→ **WHAT NEEDS TO BE DONE**:
Since pictures do not belong in the copy, please repeat every record below exactly without them.

→ **DATA SHOWN**:
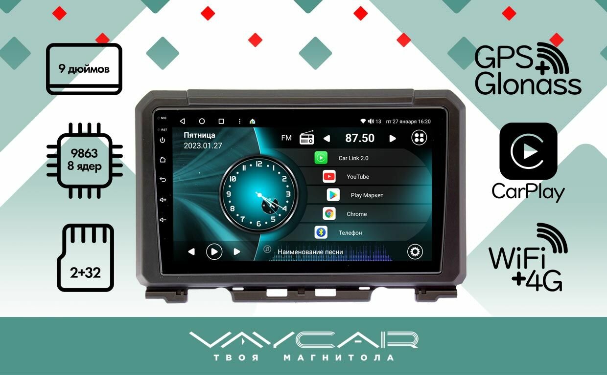Магнитола Vaycar 09V2 для SUZUKI Jimny 2019+ (Андроид, 2+32, 8 ядер, WiFi, BT, 4G, GPS, QLED 9")
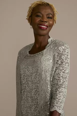 A versatile look with standout shine, this short lace sheath dress features beading at the neckline. The matching lace jacket provides coverage (and options!).
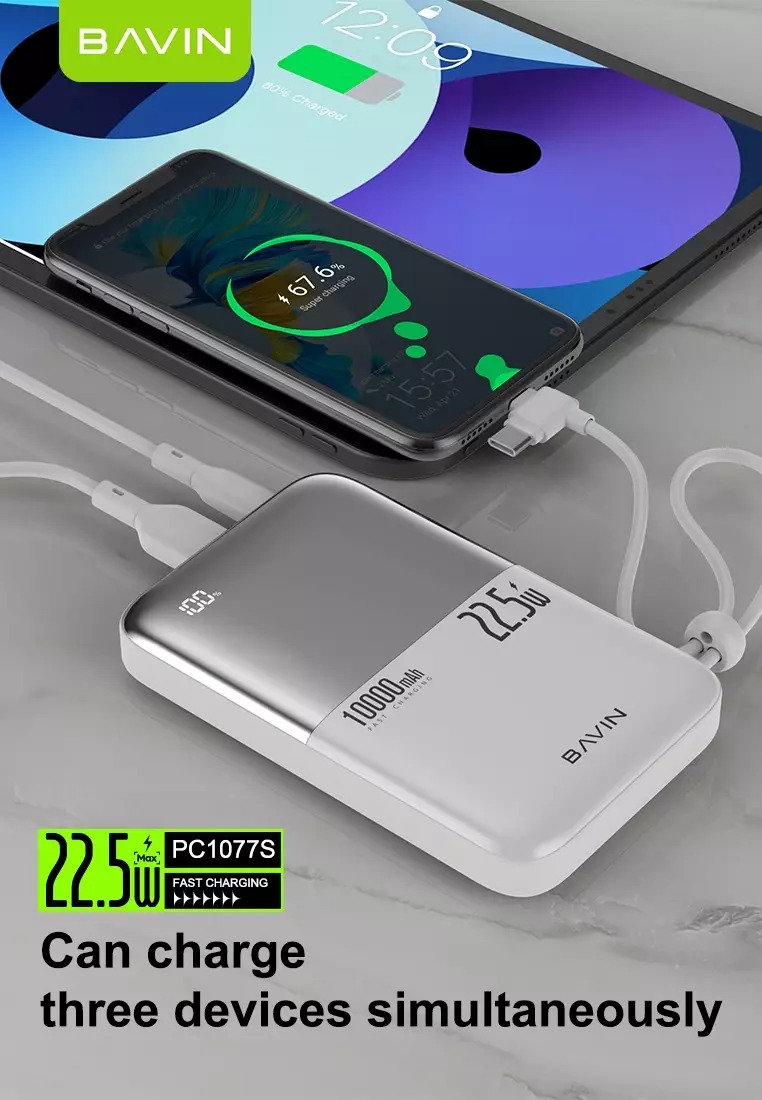 پاوربانک 10000 باوین Bavin PC1077S Fast Charge توان 22.5 وات به همراه کابل متصل تایپ سی و لایتنینگ
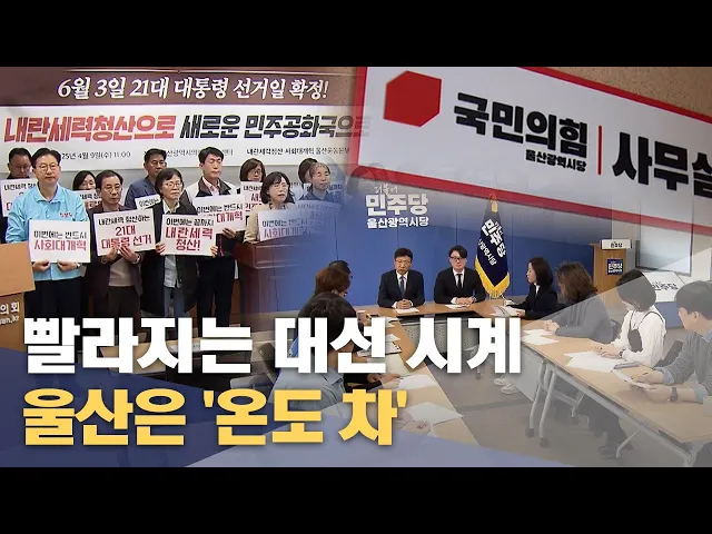 [앵커]6월 3일 대통령 선거일이 확정되면서 대선 시계가 빠르게 돌아가고 있습니다. 대권 주자들이 속속 출사표를 던지면서 대선 레이스도 막을 올리고 있는데요. 울산에서는 여야가 극명한 온도 차를 보이고 있습니다. 최지호 기자. [리포트]대통령 파면으로 조기 대선 국면이 펼쳐지면서 대권주자들의 출마 선언이 잇따르...
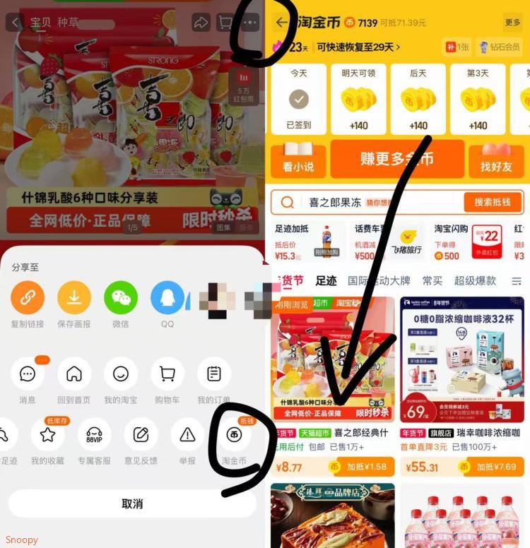 1.商品右上3个点,选淘金币
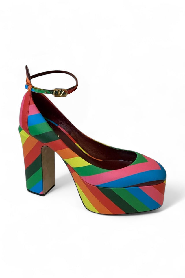 Turn every step into a celebration with these bold Valentino Garavani platform heels. Covered in vibrant diagonal rainbow stripes, this eye-catching design features a retro silhouette elevated with signature Italian craftsmanship.
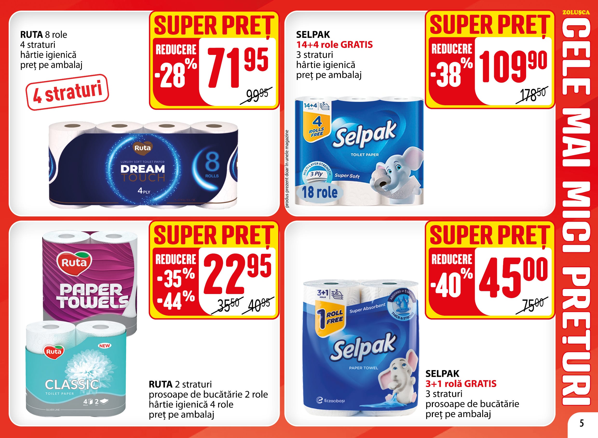 Ruta Paper Towels Prosoape de bucătărie 2 role hârtie igienică 4 role
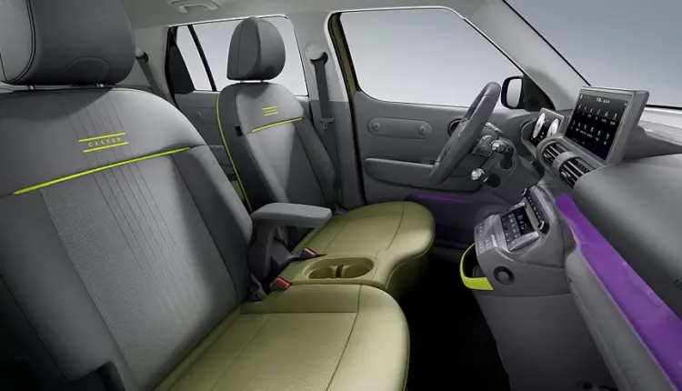 Всередині Hyundai вибрав двоколірну оббивку, поєднавши нижню частину сидінь із зеленим кузовом. Як і звичайний Casper, який також продається як фургон у Кореї, він має багато фізичних кнопок, які доповнюють великий центральний екран.
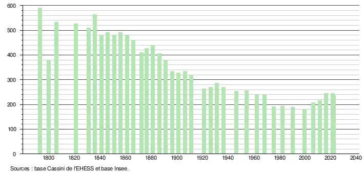 L'évolution du nombre d'habitants est connue à travers les recensements de la population effectués dans la commune depuis 1793. Pour les communes de moins de 10 000 habitants, une enquête de recensement portant sur toute la population est réalisée tous les cinq ans, les populations de référence des années intermédiaires étant quant à elles estimées par interpolation ou extrapolation[50]. Pour la commune, le premier recensement exhaustif entrant dans le cadre du nouveau dispositif a été réalisé en 2006[51].
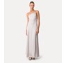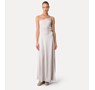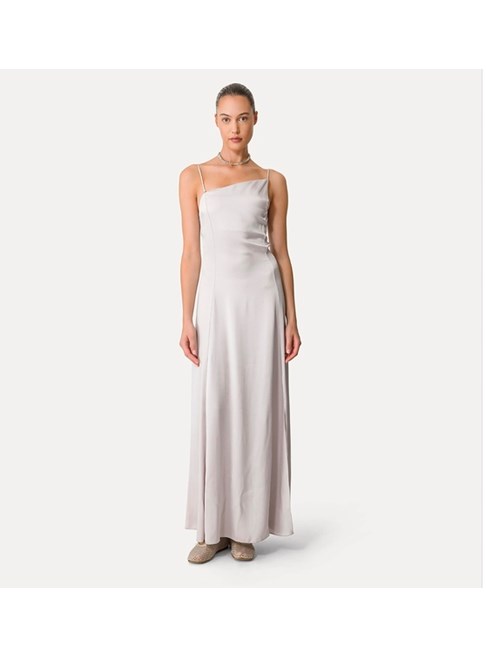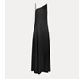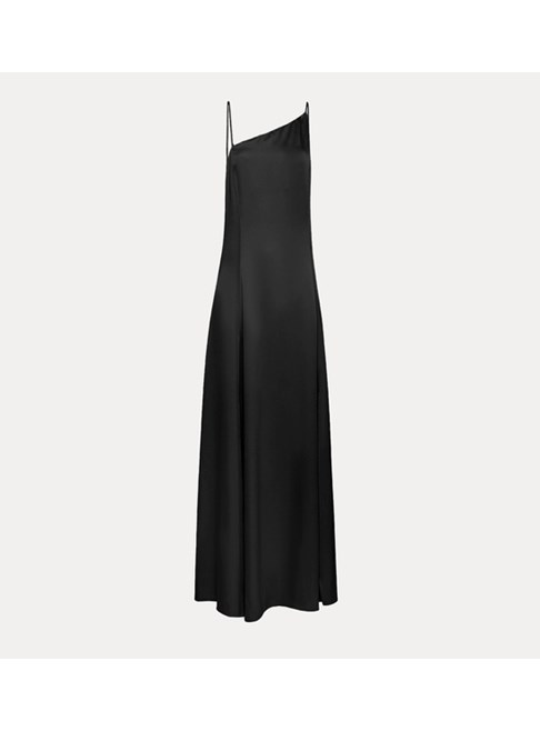 Satin dress by forte_forte loaded with contemporary charm featuring an asymmetrical cut at the neckline and a jaunty panelled design that can be turned into a one-shoulder style. the longline skirt flares out to the hemline and ushers in the summer season with its mother-of-pearl sheen and the fluid drape of the satin envers. perfect for evening ensembles, the satin dress was meant to be donned with nude-look sandals and flimsy bijoux made of feathers and beads.
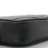This Saint Laurent Mini Lou Camera Bag in Black is crafted from Monogram Grain De Poudre Matelasse Leather and features silver hardware. Its petite size is perfect for essentials, while the adjustable strap adds versatility. The iconic YSL logo adds a signature touch to this chic and practical accessory.
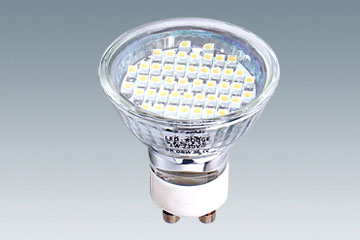SMDs LED lamp with GU10 base, for line voltage 110/240V. With transparent or acid plane glass. Available with warm white, neutral white, daylight or coloured LED.
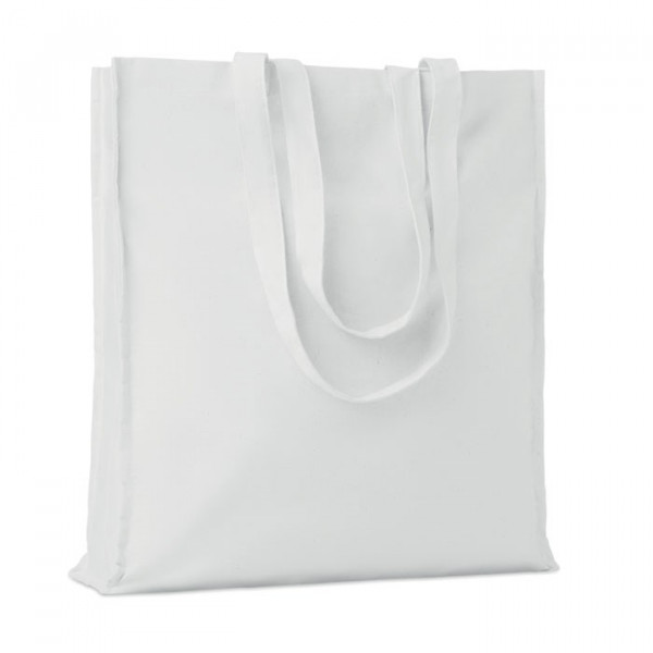 Shopping Tasche mit langen Tragegriffen und seitlicher Falz. Baumwolle 140g/m².

→ **SOLUTION TO THIS PROBLEM**:
Магнитола Vaycar 09V2 для SUZUKI Jimny 2019+ (Андроид, 2+32, 8 ядер, WiFi, BT, 4G, GPS, QLED 9")
 A versatile look with standout shine, this short lace sheath dress features beading at the neckline. The matching lace jacket provides coverage (and options!).
 پاوربانک 10000 باوین Bavin PC1077S Fast Charge توان 22.5 وات به همراه کابل متصل تایپ سی و لایتنینگ
 [앵커]6월 3일 대통령 선거일이 확정되면서 대선 시계가 빠르게 돌아가고 있습니다. 대권 주자들이 속속 출사표를 던지면서 대선 레이스도 막을 올리고 있는데요. 울산에서는 여야가 극명한 온도 차를 보이고 있습니다. 최지호 기자. [리포트]대통령 파면으로 조기 대선 국면이 펼쳐지면서 대권주자들의 출마 선언이 잇따르...
 1.商品右上3个点,选淘金币
 Turn every step into a celebration with these bold Valentino Garavani platform heels. Covered in vibrant diagonal rainbow stripes, this eye-catching design features a retro silhouette elevated with signature Italian craftsmanship.
 Ruta Paper Towels Prosoape de bucătărie 2 role hârtie igienică 4 role
 Всередині Hyundai вибрав двоколірну оббивку, поєднавши нижню частину сидінь із зеленим кузовом. Як і звичайний Casper, який також продається як фургон у Кореї, він має багато фізичних кнопок, які доповнюють великий центральний екран.
 L'évolution du nombre d'habitants est connue à travers les recensements de la population effectués dans la commune depuis 1793. Pour les communes de moins de 10 000 habitants, une enquête de recensement portant sur toute la population est réalisée tous les cinq ans, les populations de référence des années intermédiaires étant quant à elles estimées par interpolation ou extrapolation[50]. Pour la commune, le premier recensement exhaustif entrant dans le cadre du nouveau dispositif a été réalisé en 2006[51].
 Satin dress by forte_forte loaded with contemporary charm featuring an asymmetrical cut at the neckline and a jaunty panelled design that can be turned into a one-shoulder style. the longline skirt flares out to the hemline and ushers in the summer season with its mother-of-pearl sheen and the fluid drape of the satin envers. perfect for evening ensembles, the satin dress was meant to be donned with nude-look sandals and flimsy bijoux made of feathers and beads.
This Saint Laurent Mini Lou Camera Bag in Black is crafted from Monogram Grain De Poudre Matelasse Leather and features silver hardware. Its petite size is perfect for essentials, while the adjustable strap adds versatility. The iconic YSL logo adds a signature touch to this chic and practical accessory.
SMDs LED lamp with GU10 base, for line voltage 110/240V. With transparent or acid plane glass. Available with warm white, neutral white, daylight or coloured LED.
 Shopping Tasche mit langen Tragegriffen und seitlicher Falz. Baumwolle 140g/m².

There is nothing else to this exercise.